CREATE TABLE es_dim(
  field1 STRING, --- If this field is used as a key to join a dimension table with another table, the value of this field must be of the STRING type. 
  field2 FLOAT,
  field3 BIGINT,
  PRIMARY KEY (field1) NOT ENFORCED
) WITH (
  'connector' ='elasticsearch',
  'endPoint' = '<yourEndPoint>',
  'accessId' = '<yourAccessId>',
  'accessKey' = '<yourAccessSecret>',
  'indexName' = '<yourIndexName>',
  'typeNames' = '<yourTypeName>'
);
Note
  • If you define a primary key for a dimension table, only one key can be used to join the dimension table with another table. The key is the ID of a document in your Elasticsearch index.
  • If you do not define a primary key for the dimension table, one or more keys can be used to join the dimension table with another table. The keys are the fields of a document in your Elasticsearch index.
  • Elasticsearch V5.5 and later are supported.

Parameters in the WITH clause

Parameter Description Required Remarks
connector The type of the dimension table. Yes Set the value to elasticsearch.
endPoint The endpoint of Elasticsearch. Yes Example: http://127.0.XX.XX:9200.
accessId The username that is used to access the Elasticsearch cluster. No N/A.
accessKey The password that is used to access the Elasticsearch cluster. No N/A.
indexName The name of the index. Yes N/A.
typeNames The type of the document. No Default value: _doc.
Note We recommend that you do not configure this parameter if the version of your Elasticsearch cluster is later than 7.0.

Cache parameters

Parameter Description Required Remarks
cache The cache policy. No Valid values:
  • None: indicates that data is not cached. This is the default value.
  • LRU: indicates that only the specified data in the dimension table is cached.
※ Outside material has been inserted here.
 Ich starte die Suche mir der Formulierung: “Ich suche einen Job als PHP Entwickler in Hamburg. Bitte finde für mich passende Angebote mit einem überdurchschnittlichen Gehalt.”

Each time the system receives a data record, the system searches the cache. If the system does not find the record in the cache, the system searches for the data record in the physical dimension table.

    If this cache policy is used, you must configure the cacheSize and cacheTTLMs parameters.
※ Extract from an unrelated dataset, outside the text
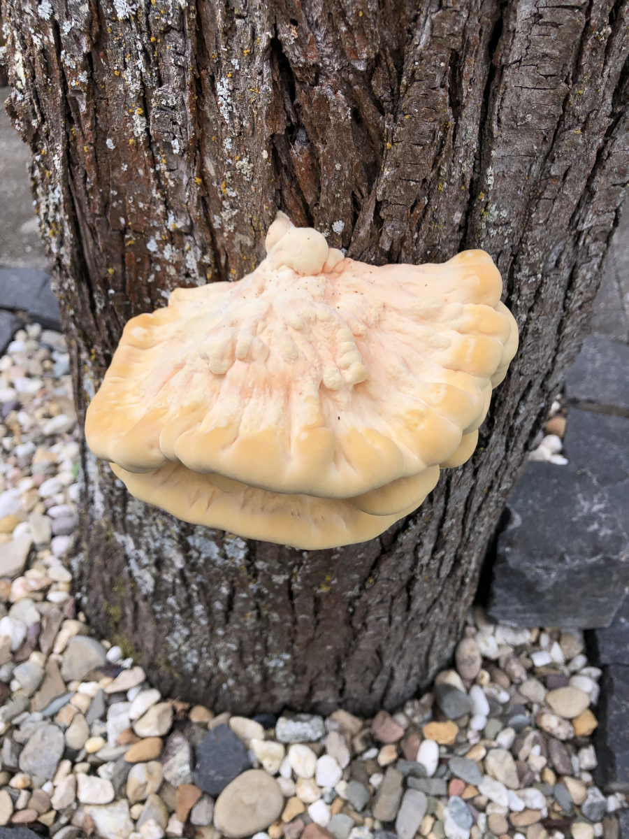 vor drei Tagen ist mir dieser Pilz an einem Pflaumenbaum in meinem Garten aufgefallen. Er wächst recht schnell, ist handgroß und wird bei Anschnitt etwas dunkler. Er riecht nach Moos oder Erde, nach dem Anschnitt deutlicher als vorher.

cacheSize The maximum number of data records that can be cached. No This parameter is available only if you set the cache parameter to LRU. Default value: 10000.
cacheTTLMs The cache timeout period. Unit: milliseconds. No The cacheTTLMs parameter applies configurations based on the value of the cache parameter.
  • If you set the cache parameter to None, the cacheTTLMs parameter can be left empty. This indicates that cache entries do not expire.
  • If you set the cache parameter to LRU, the cacheTTLMs parameter specifies the cache timeout period. Default value: 10000. Unit: milliseconds.
cacheEmpty Specifies whether to cache empty results. No Default value: true.

Data type mappings

Realtime Compute for Apache Flink parses Elasticsearch data in the JavaScript Object Notation (JSON) format. For more information, see Data type mappings.

Sample code

CREATE TEMPORARY TABLE datagen_source (
  id STRING, 
  data STRING,
  proctime as PROCTIME()
) WITH (
  'connector' = 'datagen' 
);

CREATE TEMPORARY TABLE es_dim (
  id STRING,
  `value` FLOAT,
  PRIMARY KEY (id) NOT ENFORCED
) WITH (
  'connector' ='elasticsearch',
  'endPoint' = '<yourEndPoint>',
  'accessId' = '<yourAccessId>',
  'accessKey' = '<yourAccessSecret>',
  'indexName' = '<yourIndexName>',
  'typeNames' = '<yourTypeName>'
);

CREATE TEMPORARY TABLE blackhole_sink (
  id STRING,
  data STRING,
  `value` FLOAT
) WITH (
  'connector' = 'blackhole' 
);

INSERT INTO blackhole_sink
SELECT e.*, w.*
  FROM datagen_source AS e
JOIN es_dim FOR SYSTEM_TIME AS OF e.proctime AS w
ON e.id = w.id;